A new kind of steroid

5G stands as the biggest creative and strategic opportunity for us to forge new relationships with our clients and reshape our industry for the next generation.

It’s not just about mobile devices. In addition to smartphones, 5G will integrate the internet of things, digital out of home, wearables, drones, manufacturing, retail experience spaces and more. 5G will be a lingua franca that will bring many currently disparate technologies together, a technology Esperanto for the next 10–20 years.

Last year there were around 1 billion IoT devices connected through the 5G cellular network globally. By 2023, it’s estimated that there will be around 3.5 billion.

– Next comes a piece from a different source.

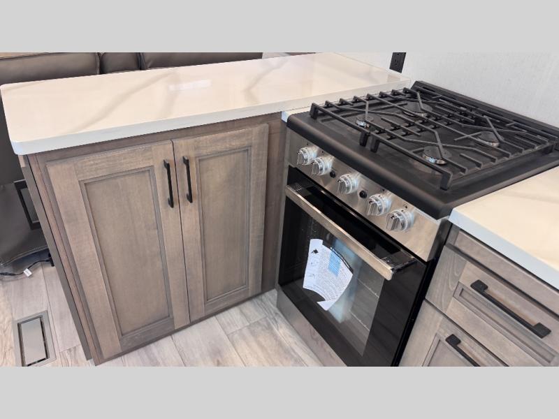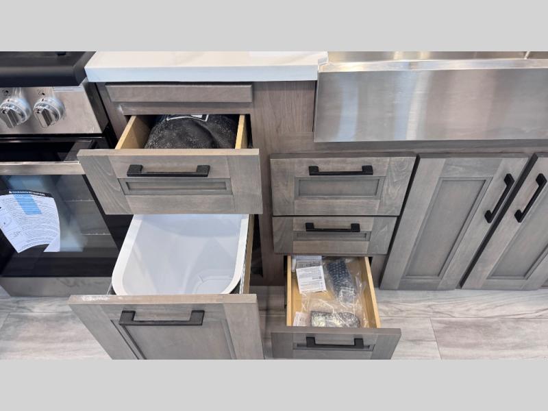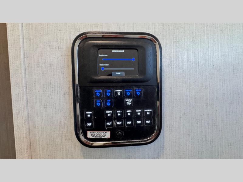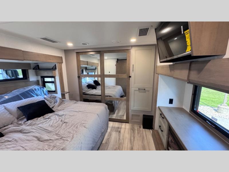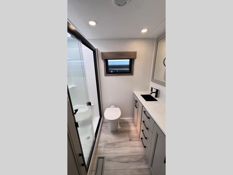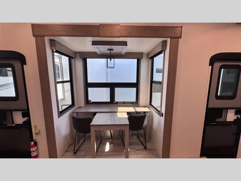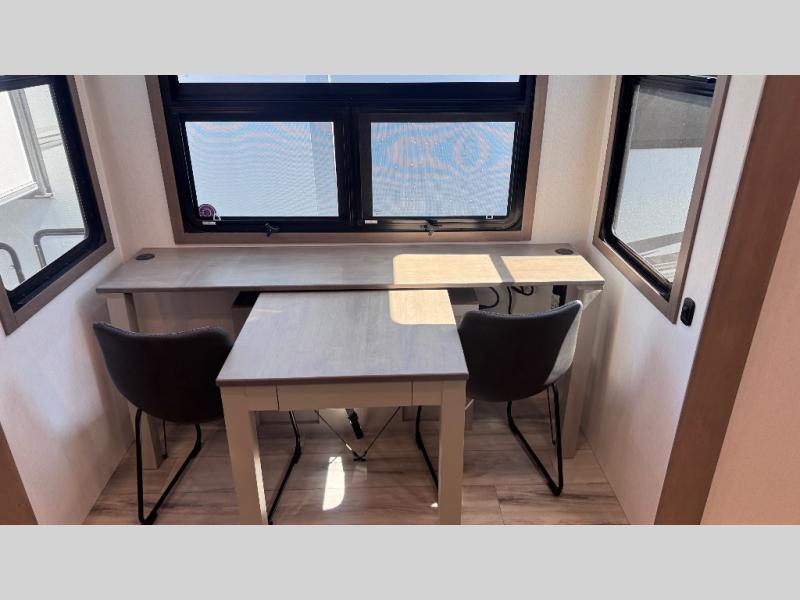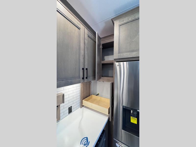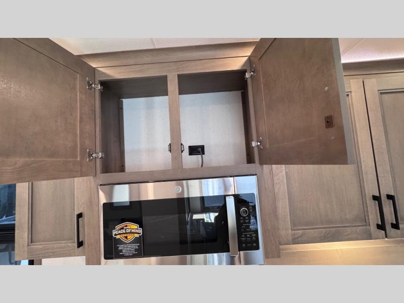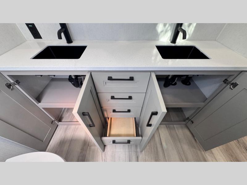 Experience the pinnacle of luxury fifth-wheel living! Retreat to the serene bedroom, featuring an electric tilt king bed with drawers under the bed, a spacious wardrobe, and washer/dryer prep. Enjoy entertainment on the 39” Smart LED TV and ample storage in the dresser. The gourmet kitchen is equipped with a pantry, 26 cu. refrigerator, convection microwave, and sliding table/desk for effortless dining and work-from-home convenience. The living room is a haven of relaxation, boasting a stunning 65” Smart LED TV, warm fireplace, theater seating, and double hide-a-bed sofas ideal for hosting guests with ease. Unwind in style in the full bathroom, featuring a dual sink vanity and ample storage. Also, enjoy the convenience of two entry/two exit doors. This fifth wheel is a masterpiece of comfort, style, and functionality, perfect for full-time living.
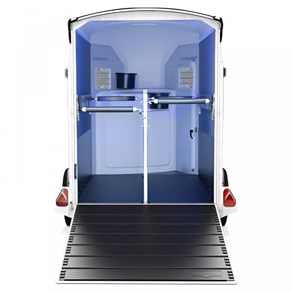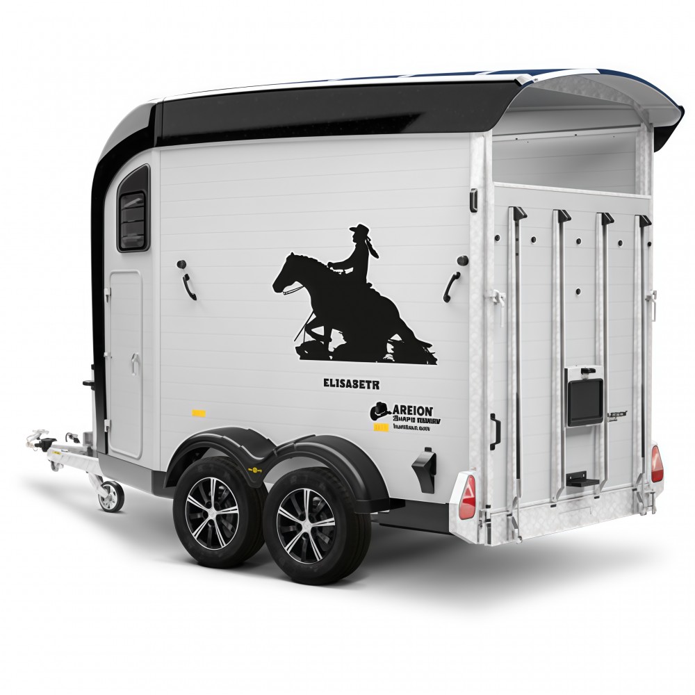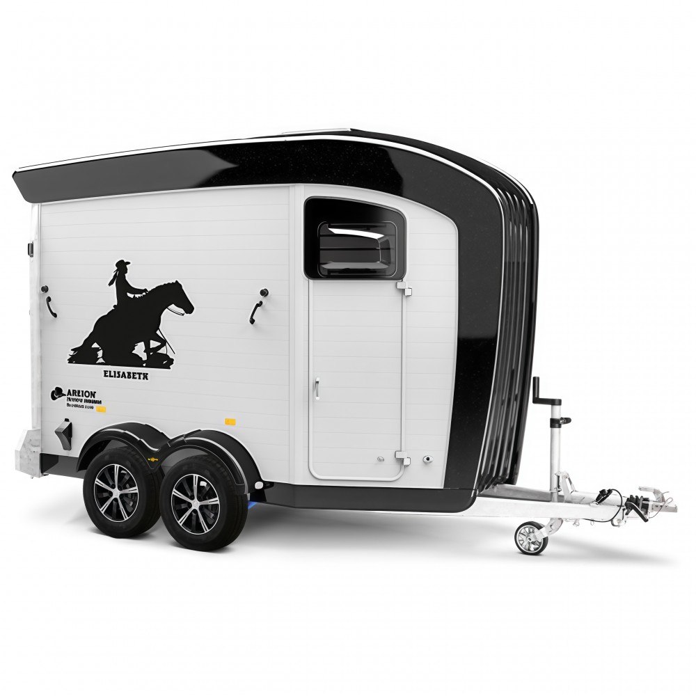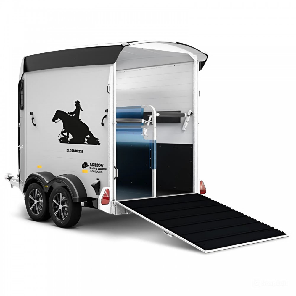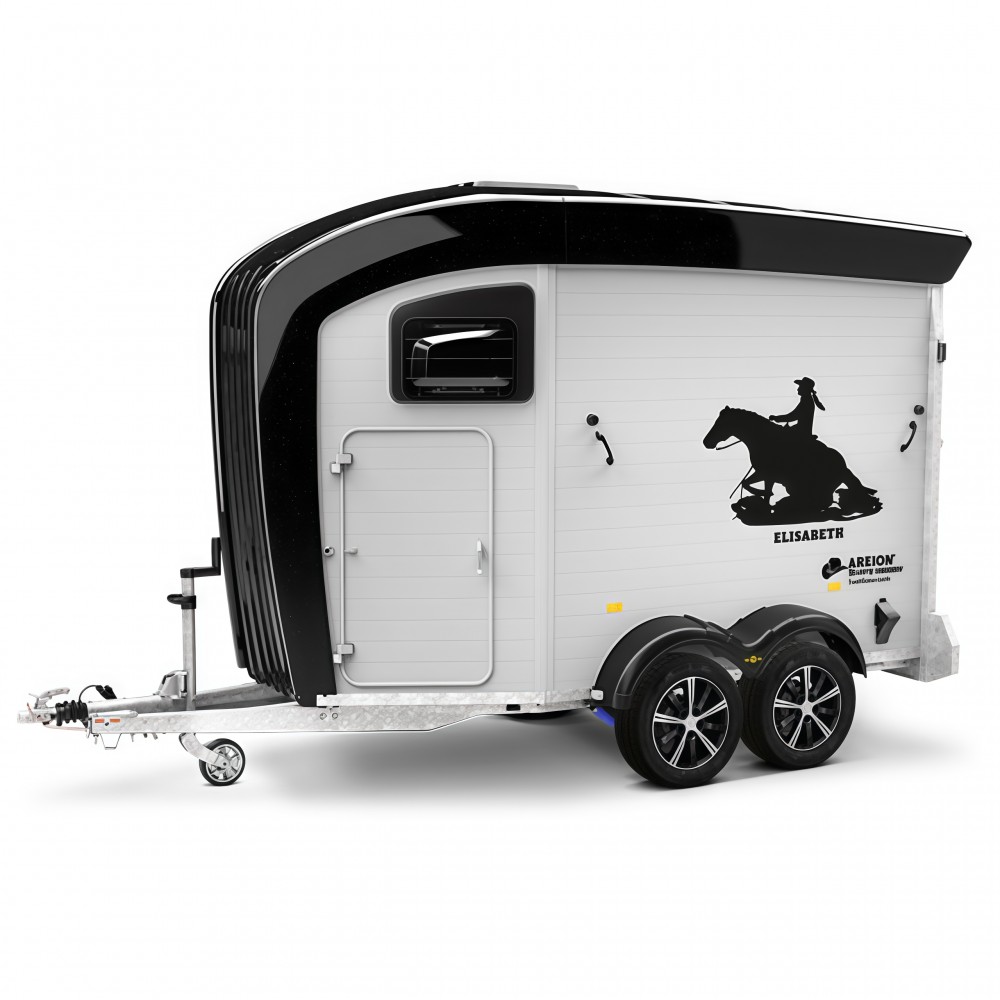 Це двовісний алюмінієвий причіп з частковим верхнім обтічником Areion Shape. Завдяки аеродинамічній конструкції, просторому інтер’єру та продуманому оснащенню, він забезпечує комфортне транспортування коней у західному стилі.

And that’s outside of the tens of billions more devices connected directly to the internet through Wi-Fi or wired connections. The combined number could be as much as 51 billion in total by 2023. This requires a totally new approach.

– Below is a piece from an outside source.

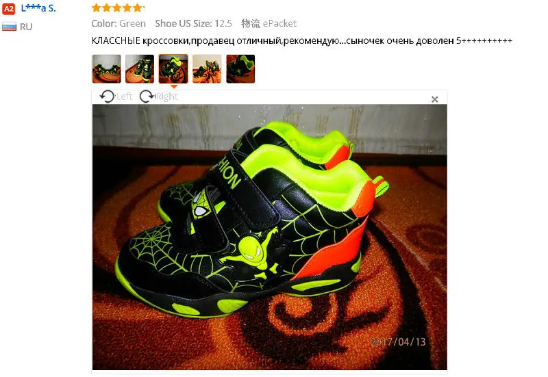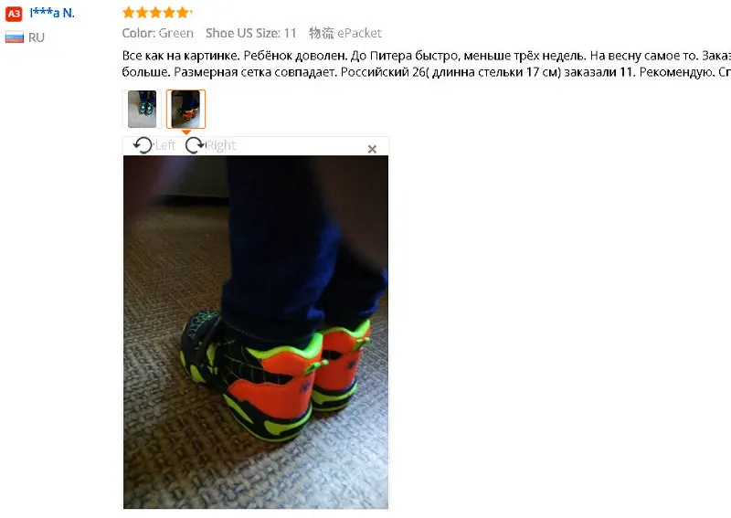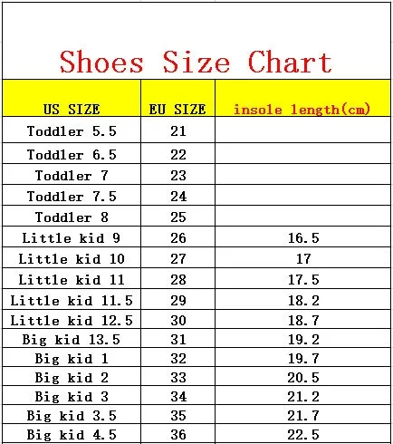 Feature: Color:Red,Blue,Green Size:26~36 Length:16.5~22.5 cm Dear friends: Because all children shoes size is difference,When you order the children’s shoes,you should according to Our size and internal length. According to the Insole length.(Insole length=Foot length +1cm) The US size is Not Standard ,Just convenient for you to do order. The comfortable length is the foot length add about 1cm. And Because of the long time delivery time by China Post Air Mail and child will grow up fast please choose more bigger size shoes for your child. Please choose the right size. All shoes will be shipped with bubble bags,no boxes !!!
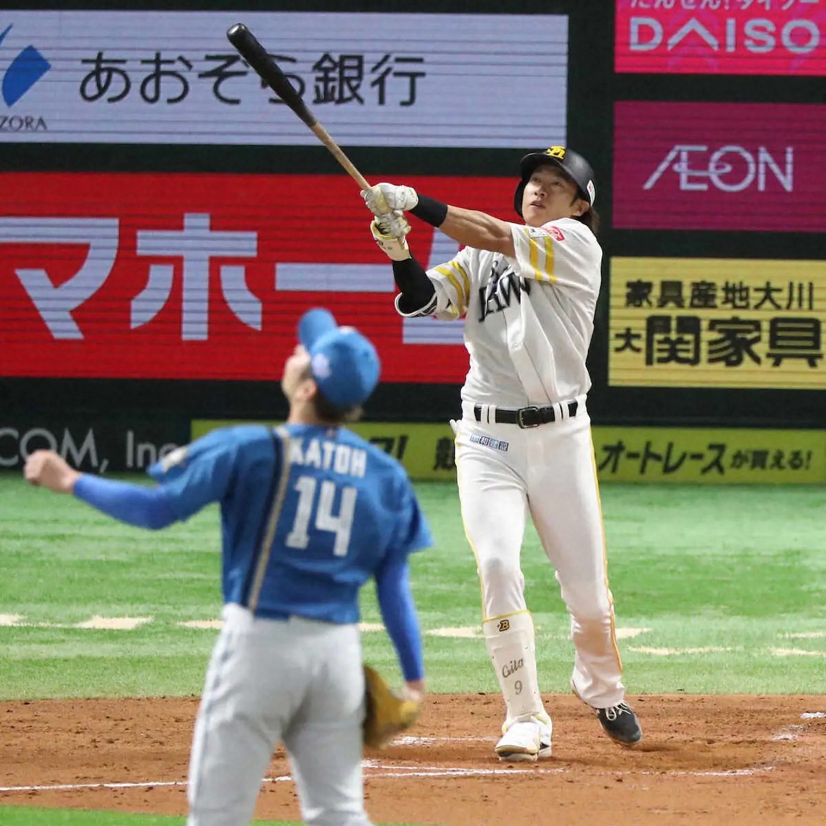 <ソ・日>3回、好守した柳田(右)と笑顔でタッチを交わす大関(撮影・岡田 丈靖) Photo by スポニチ ソフトB柳田 好守に躍動!“レーザービーム”からの先制13号2ランにネット歓… ギャラリーで見る この記事のフォト 2023年07月06日の画像一覧 もっと見る 2023年07月06日の画像をもっと見る

Yes, 5G is fast—very fast—promising up to 600Mbits/second. It’s the kind of speed that means you could download a traditional DVD in a handful of seconds, and so far, we’ve been fixated on this linear speed between our device and the wider network. But 5G won’t just be a steroid injection for our device; it will be more like taking a tab of LSD.

Interactive TV

4G bandwidth brought with it our current video-dominated social media landscape. From micro-video sharing to binge-watching on the train, hand-held video is now at the heart of much of our brand communications.

But 5G isn’t just more video or higher-resolution video, it’s a different kind of video with new levels of engagement. Black Mirror’s choose your own adventure format in Bandersnatch on Netflix is just the start of what 5G could deliver: linear video can become direct response TV. We can also explore new levels of personalization. Imagine movie and TV product placement that changes in real-time on different devices for different people depending on location or how they’re feeling at that moment.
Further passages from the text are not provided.